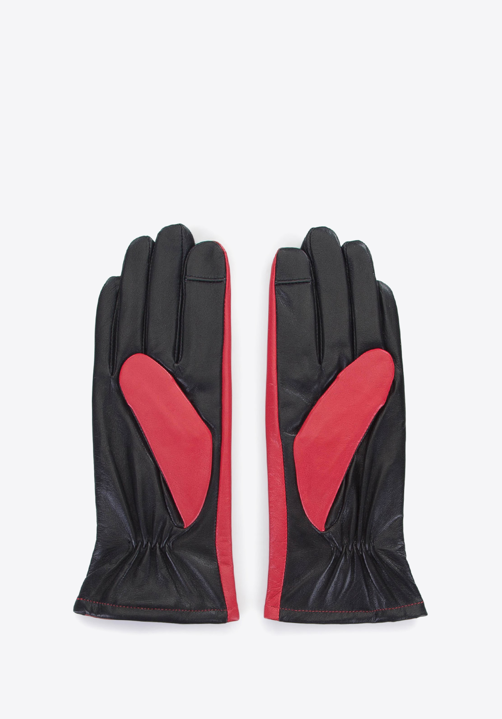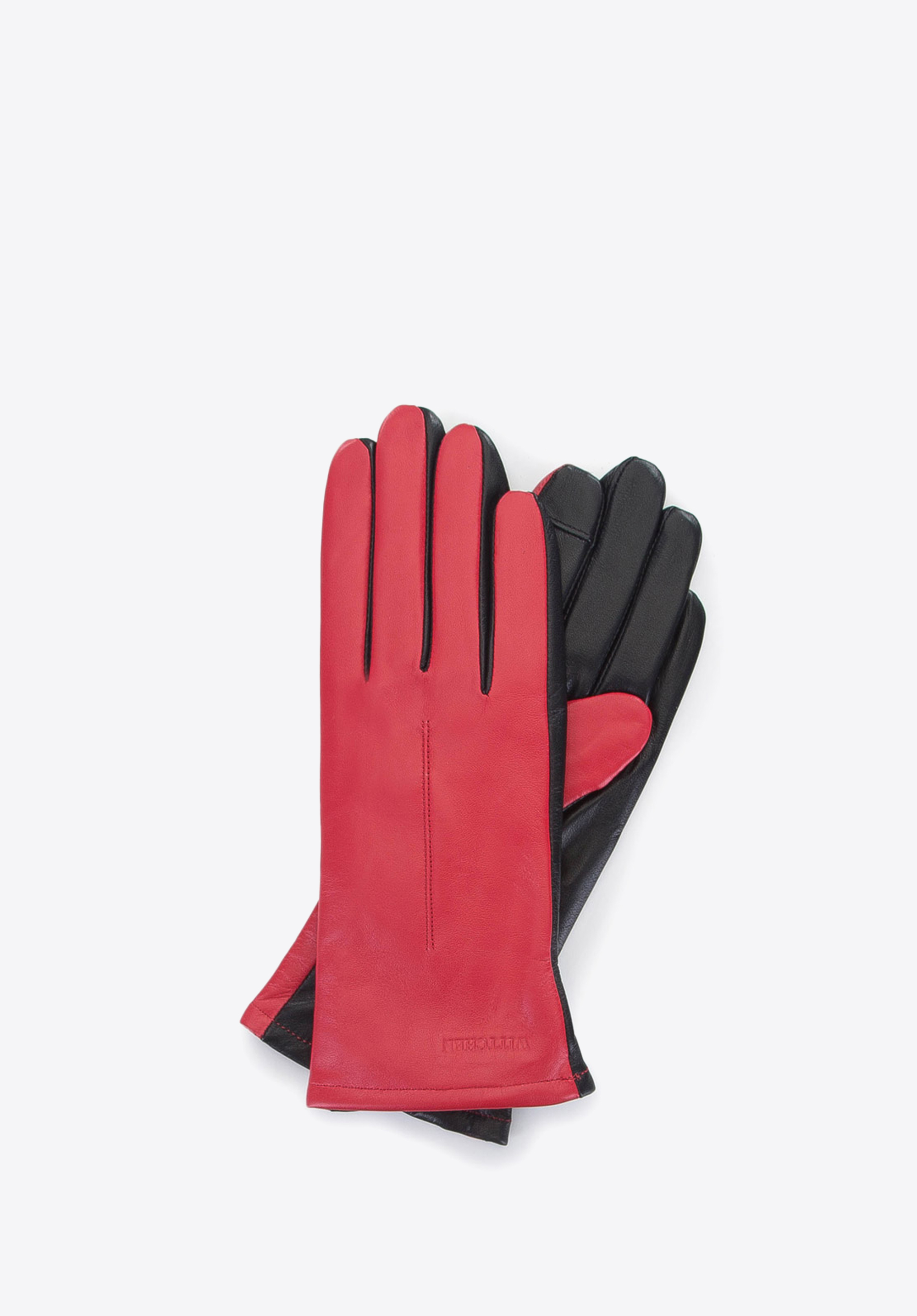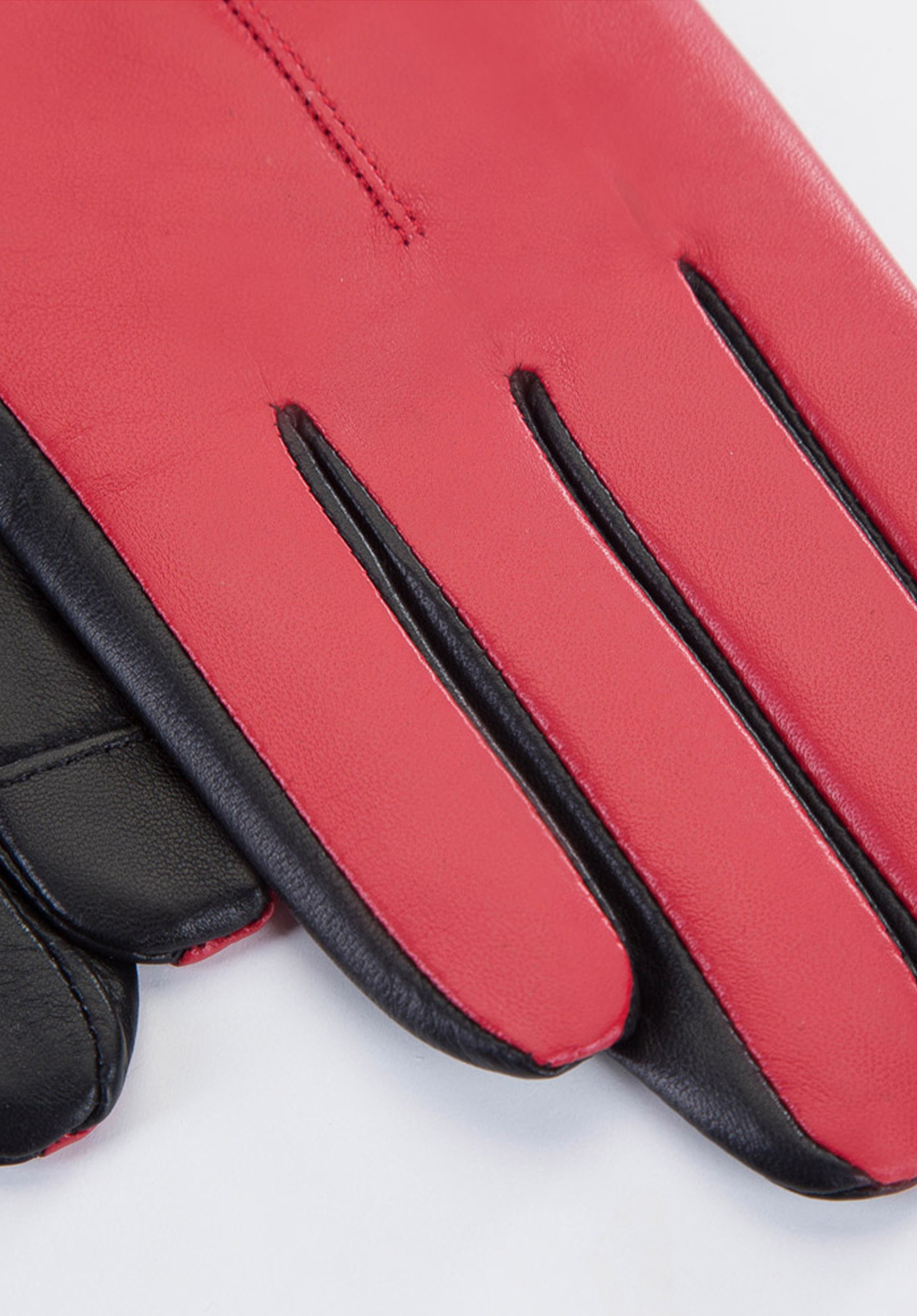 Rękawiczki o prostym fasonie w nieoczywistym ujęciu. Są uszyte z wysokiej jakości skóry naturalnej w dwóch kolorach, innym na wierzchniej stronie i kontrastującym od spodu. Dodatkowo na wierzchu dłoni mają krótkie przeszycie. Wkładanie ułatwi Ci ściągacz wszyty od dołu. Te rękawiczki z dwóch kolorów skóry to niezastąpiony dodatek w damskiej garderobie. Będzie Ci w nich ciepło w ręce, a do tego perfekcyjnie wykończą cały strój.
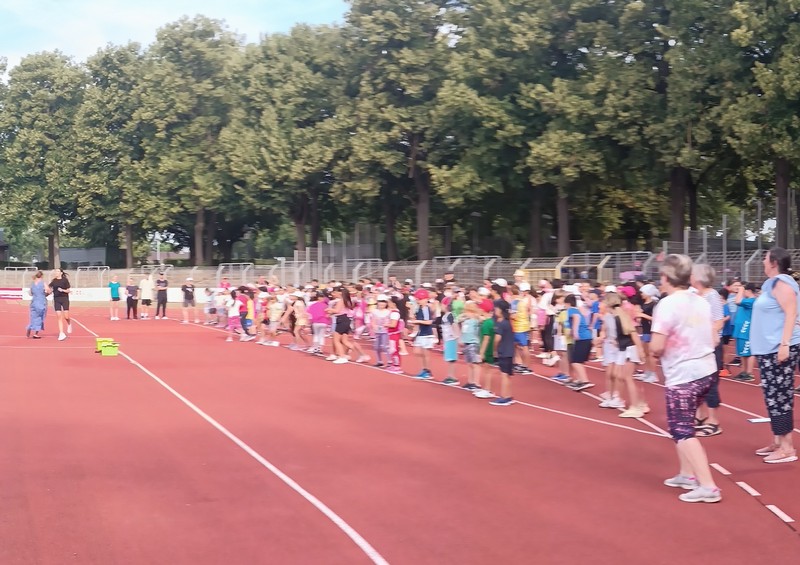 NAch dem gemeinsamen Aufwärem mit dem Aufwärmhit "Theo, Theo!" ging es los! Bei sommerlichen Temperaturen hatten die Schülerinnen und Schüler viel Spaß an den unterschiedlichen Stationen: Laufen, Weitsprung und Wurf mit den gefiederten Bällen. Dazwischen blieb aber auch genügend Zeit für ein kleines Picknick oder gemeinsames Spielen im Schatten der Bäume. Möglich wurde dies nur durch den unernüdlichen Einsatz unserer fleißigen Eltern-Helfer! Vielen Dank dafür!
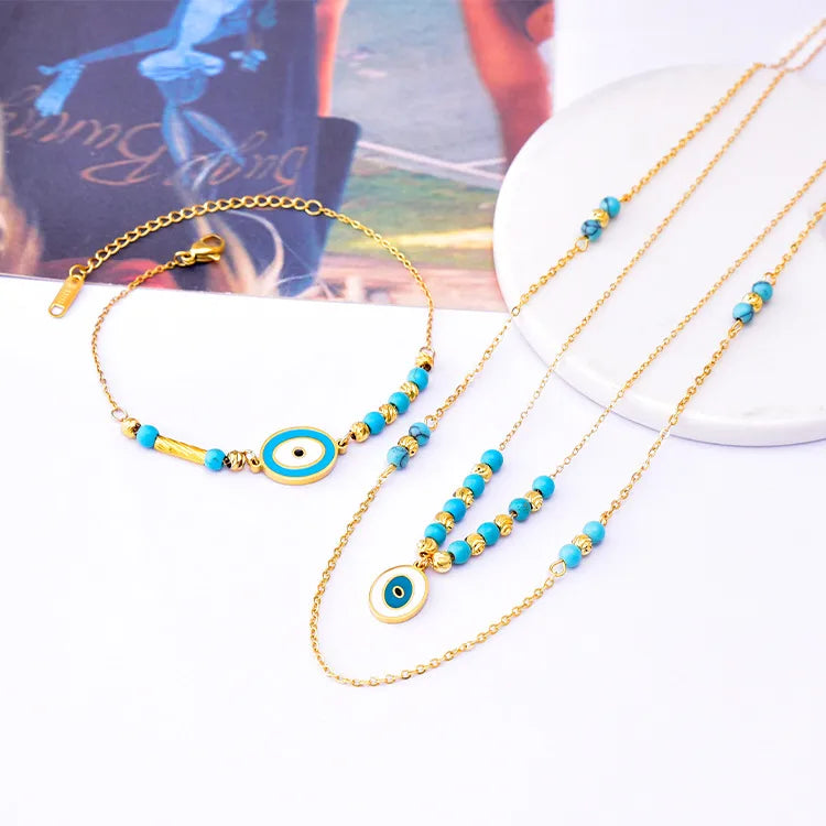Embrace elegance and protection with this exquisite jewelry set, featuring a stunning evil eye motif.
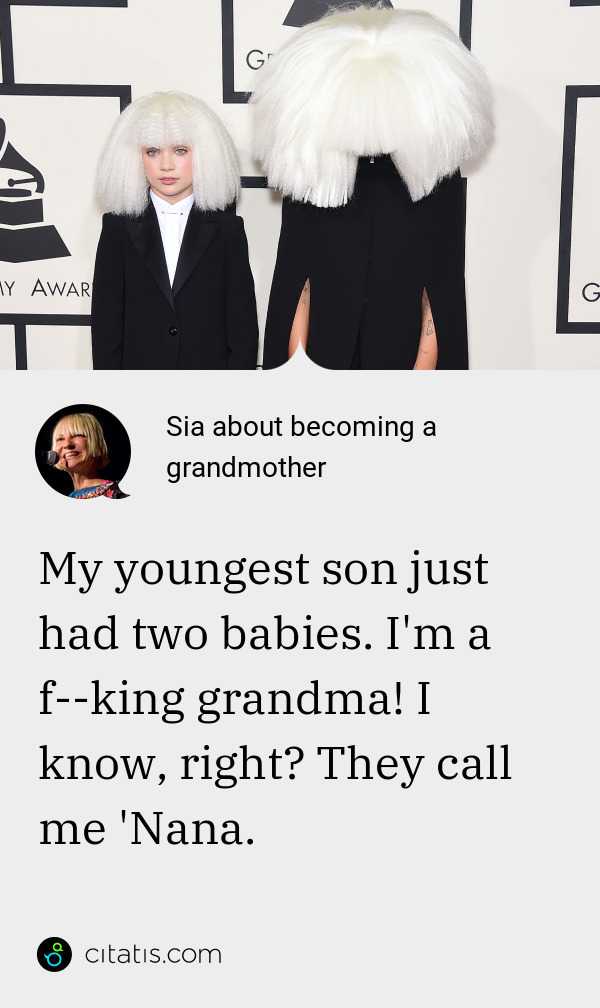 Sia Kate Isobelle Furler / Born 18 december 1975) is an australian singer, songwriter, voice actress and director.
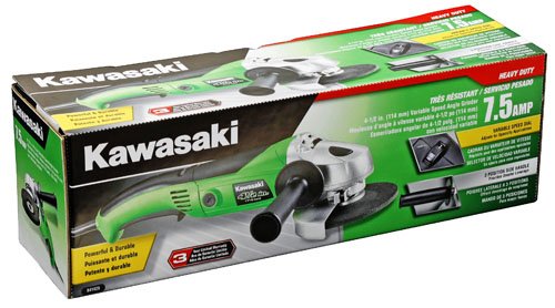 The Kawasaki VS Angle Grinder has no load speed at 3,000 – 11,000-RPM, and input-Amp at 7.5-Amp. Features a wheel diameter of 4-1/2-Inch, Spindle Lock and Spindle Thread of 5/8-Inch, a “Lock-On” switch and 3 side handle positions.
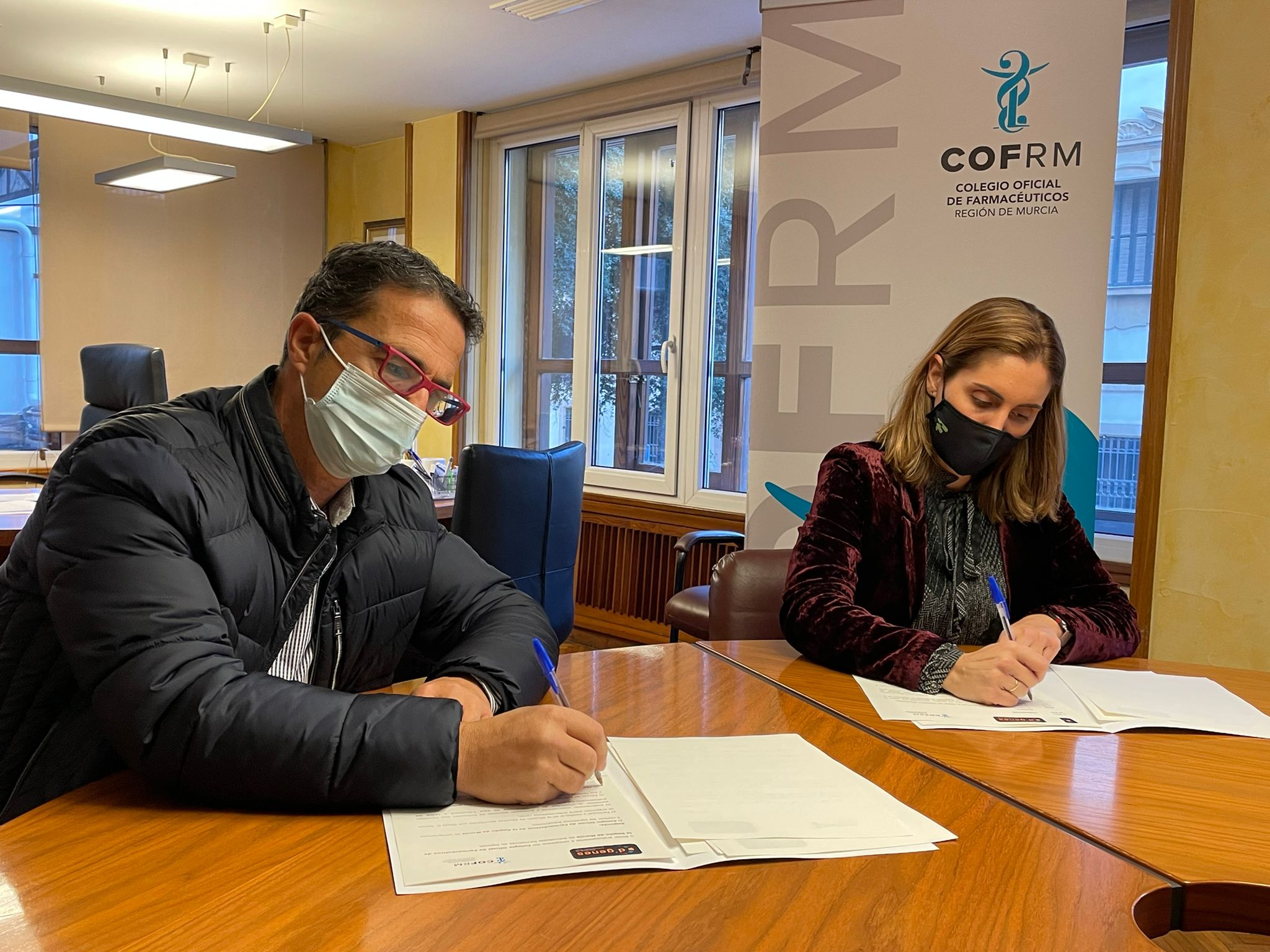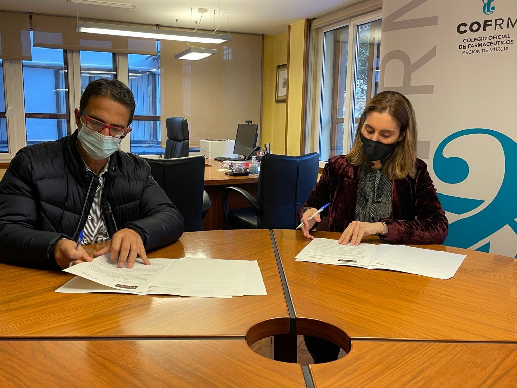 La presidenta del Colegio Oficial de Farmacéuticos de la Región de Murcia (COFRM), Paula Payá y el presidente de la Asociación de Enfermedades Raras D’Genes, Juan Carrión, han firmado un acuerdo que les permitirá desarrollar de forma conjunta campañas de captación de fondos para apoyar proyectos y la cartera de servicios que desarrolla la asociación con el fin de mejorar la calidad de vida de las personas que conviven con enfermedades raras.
# # # #
## WORK REQUIRED:
Nothing but the lines from the one that holds "The Kawasaki VS" through the end of the data should appear, written out exactly, without pictures.

## TASK ANSWER:
 The Kawasaki VS Angle Grinder has no load speed at 3,000 – 11,000-RPM, and input-Amp at 7.5-Amp. Features a wheel diameter of 4-1/2-Inch, Spindle Lock and Spindle Thread of 5/8-Inch, a “Lock-On” switch and 3 side handle positions.
 La presidenta del Colegio Oficial de Farmacéuticos de la Región de Murcia (COFRM), Paula Payá y el presidente de la Asociación de Enfermedades Raras D’Genes, Juan Carrión, han firmado un acuerdo que les permitirá desarrollar de forma conjunta campañas de captación de fondos para apoyar proyectos y la cartera de servicios que desarrolla la asociación con el fin de mejorar la calidad de vida de las personas que conviven con enfermedades raras.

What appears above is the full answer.